語られるのは、自意識と奥歯というわけの分からない取り合わせ。
まだできてもいない子供にたいする語りかけ日記や歯や歯医者についての奇妙なイメージ。

饒舌な語りの上手さと、妄想ながらなんとかついていけるストーリー、哲学的自意識問題の独自アプローチや時折混ざる恋愛感情と奇想の連結の鮮やかさなどで最後まで読みつづけられるのは、ひとえに作者の力量ともいえるものの、さてこれは芸なのか地なのかが心配になってしまいます。

しかし同時収録の「感じる専門家 採用試験」でも同じ妄想文体で、あぁ地なんだなと分かります。

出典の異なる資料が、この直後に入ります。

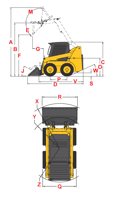 C - Weight of base unit with standard equipment, standard tires (heavy-duty flotation), standard dirt-construction bucket and 79 kg operator.
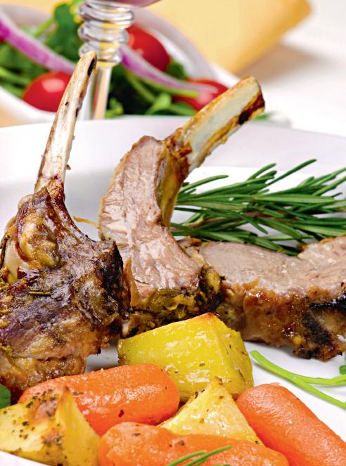 - În acest timp se pun morcovii şi cartofii să fiarbă în apă cu sare. După ce au fiert, se lasă să se scurgă în sită şi se călesc în untul topit. Se condimentează cu sare şi piper. Costiţele de miel se servesc cu soteul asortat şi se ornează cu crenguţe de rozmarin.
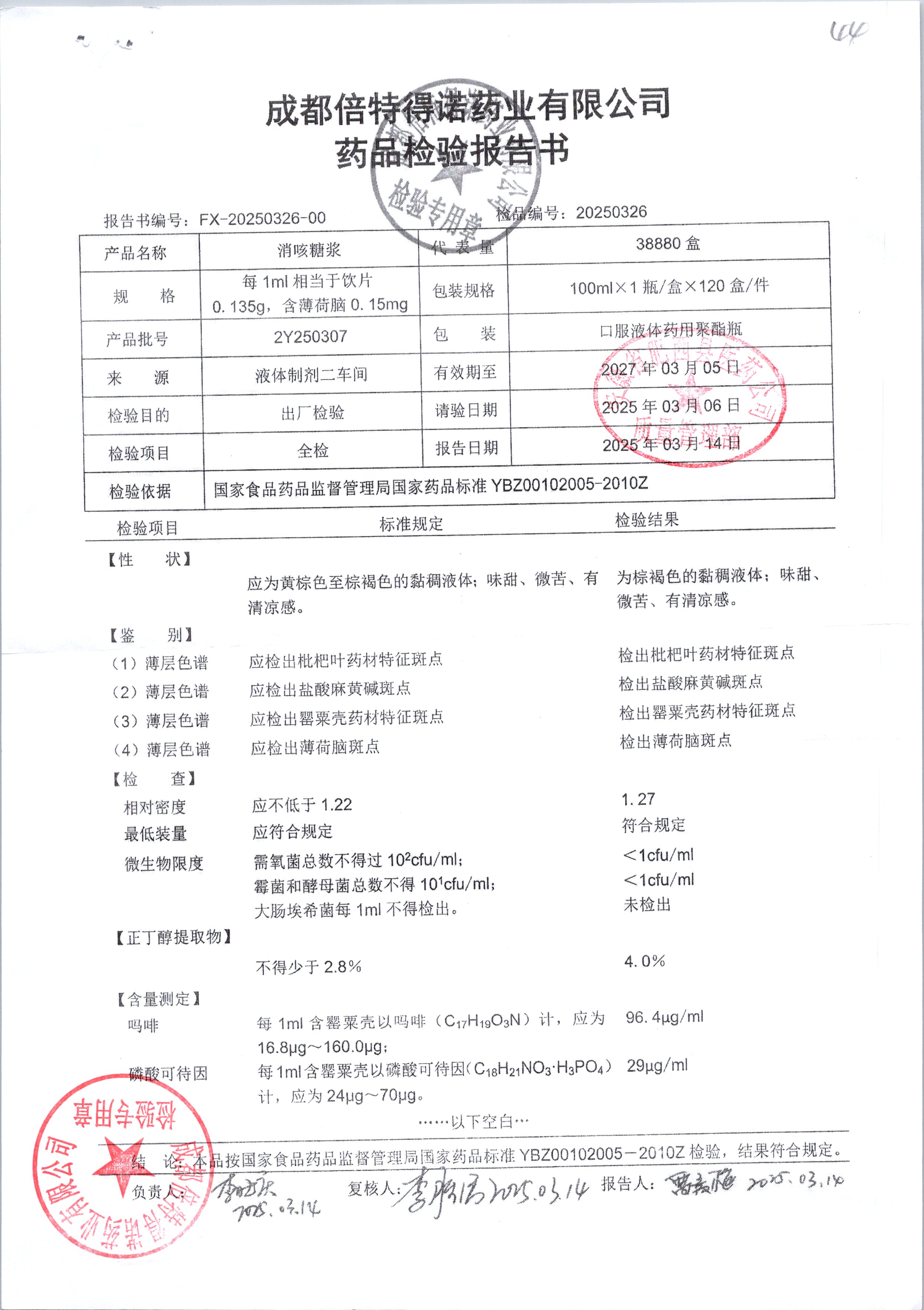 | 消咳糖浆 | 100ml | 2Y240314 | 查看详情 |
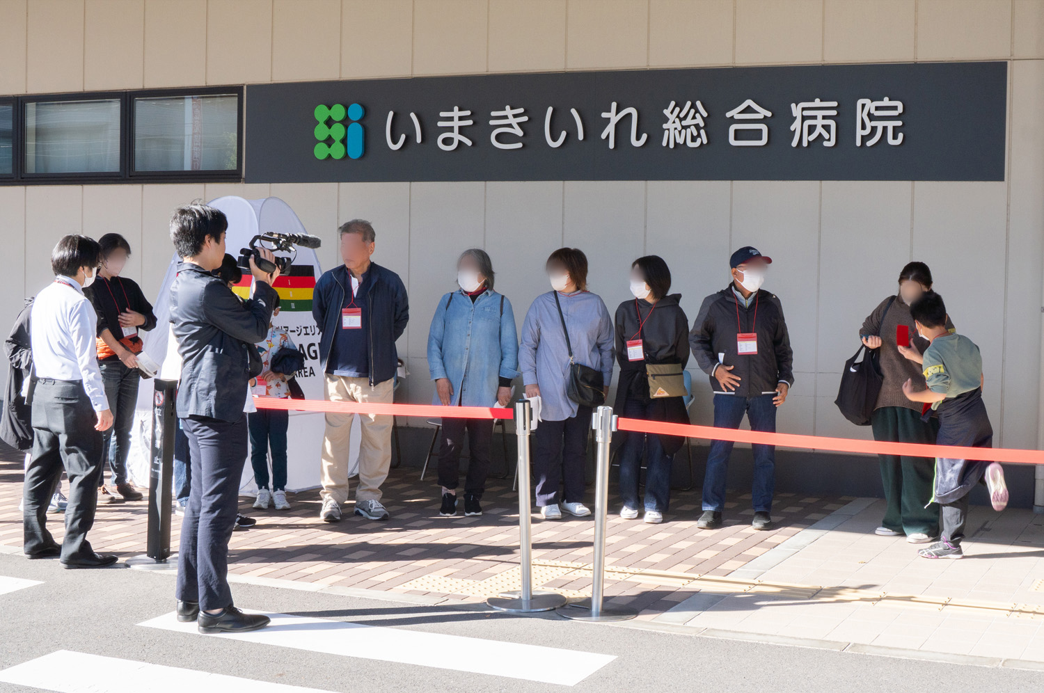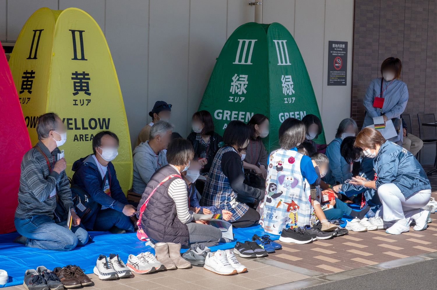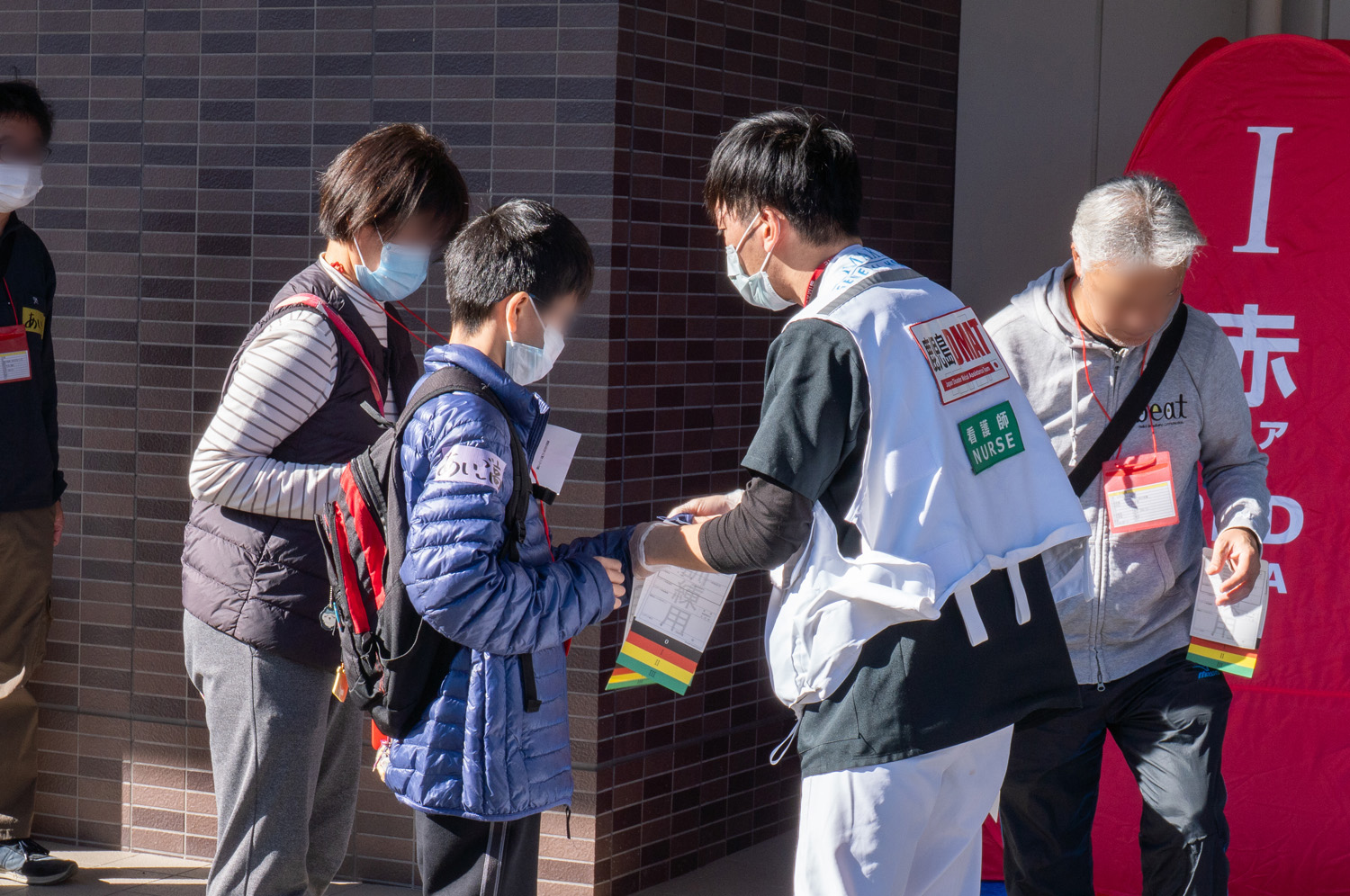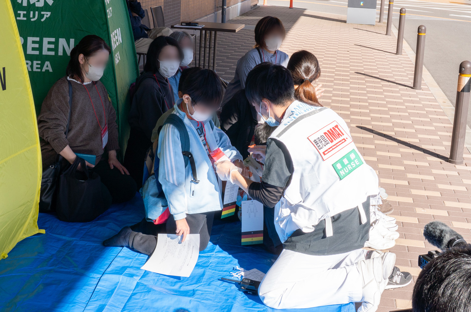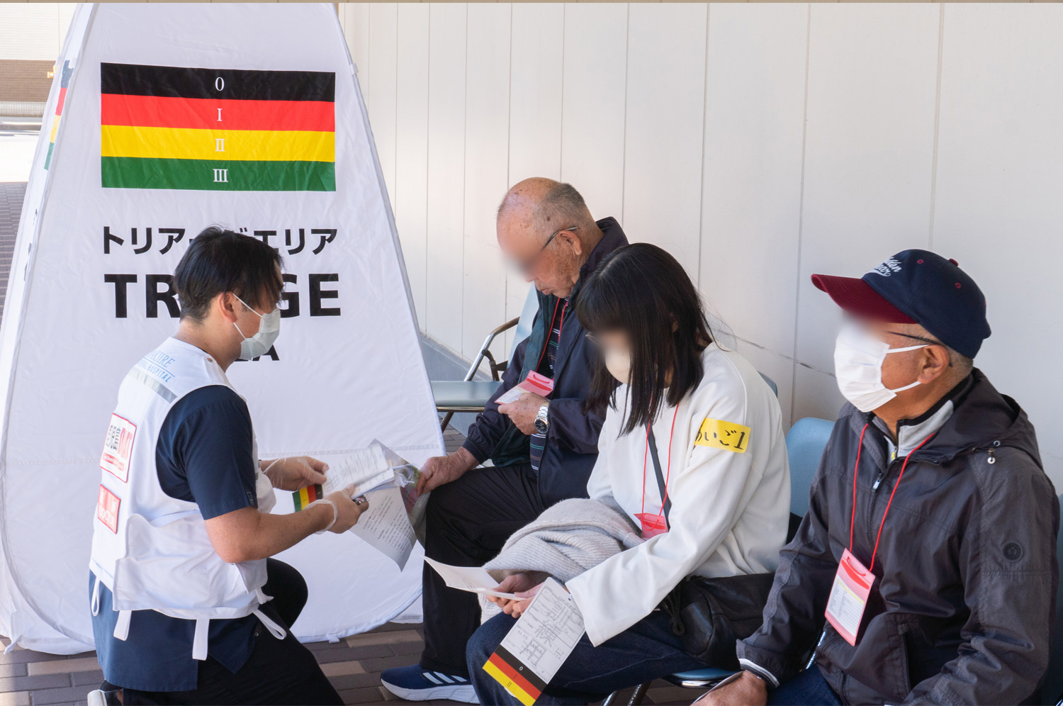 正面玄関で、緑タグ(軽症)、黄色のタグ(中等症)、赤色タグ(重症)でトリアージを行いました。
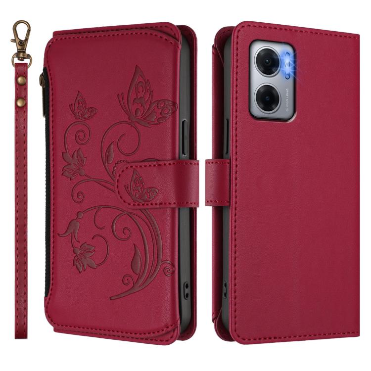 Funda de cuero con cremallera para Redmi 10 5G / Redmi 11 Prime 5G, diseño de mariposas, flores y mariposas (rojo vino)
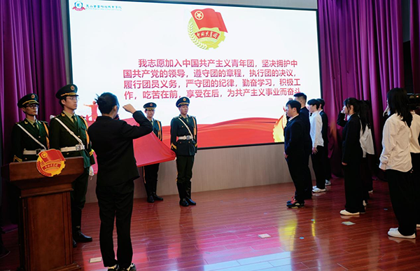 培训在庄严的国歌声中拉开帷幕。校团委老师宣读2024年新团员名单,各二级学院团总支书记为新团员代表佩戴团徽,颁发团员证。200名新团员面向团旗庄严宣誓;新团员代表作表态发言:大家要用自己的实际行动肩负团的使命、践行团的宗旨,在实践中锤炼、在探索中求知,在学习中进步,争做有理想、敢担当、能吃苦、肯奋斗的新时代好青年。

どうやら「父と卵」で芥川賞候補にまたなったようですが、この文体のまま、よいテーマと向き合えれば期待できますが、なお世界観が変わっていないようなら、地が地になってしまいそれはそれで残念です。


なんだか無農薬野菜に派手な色の芋虫がいるのを見つけてしまったような気分で読んで、久しぶりの分けのわからない小説は驚きがあってよかったのですが、候補作はどうなんでしょうか。


タイトルの分けのわからなさはここ最近でもぶっちぎりの一番で、よいですね。
なんやらわからん存在感だけは感じた作品でした。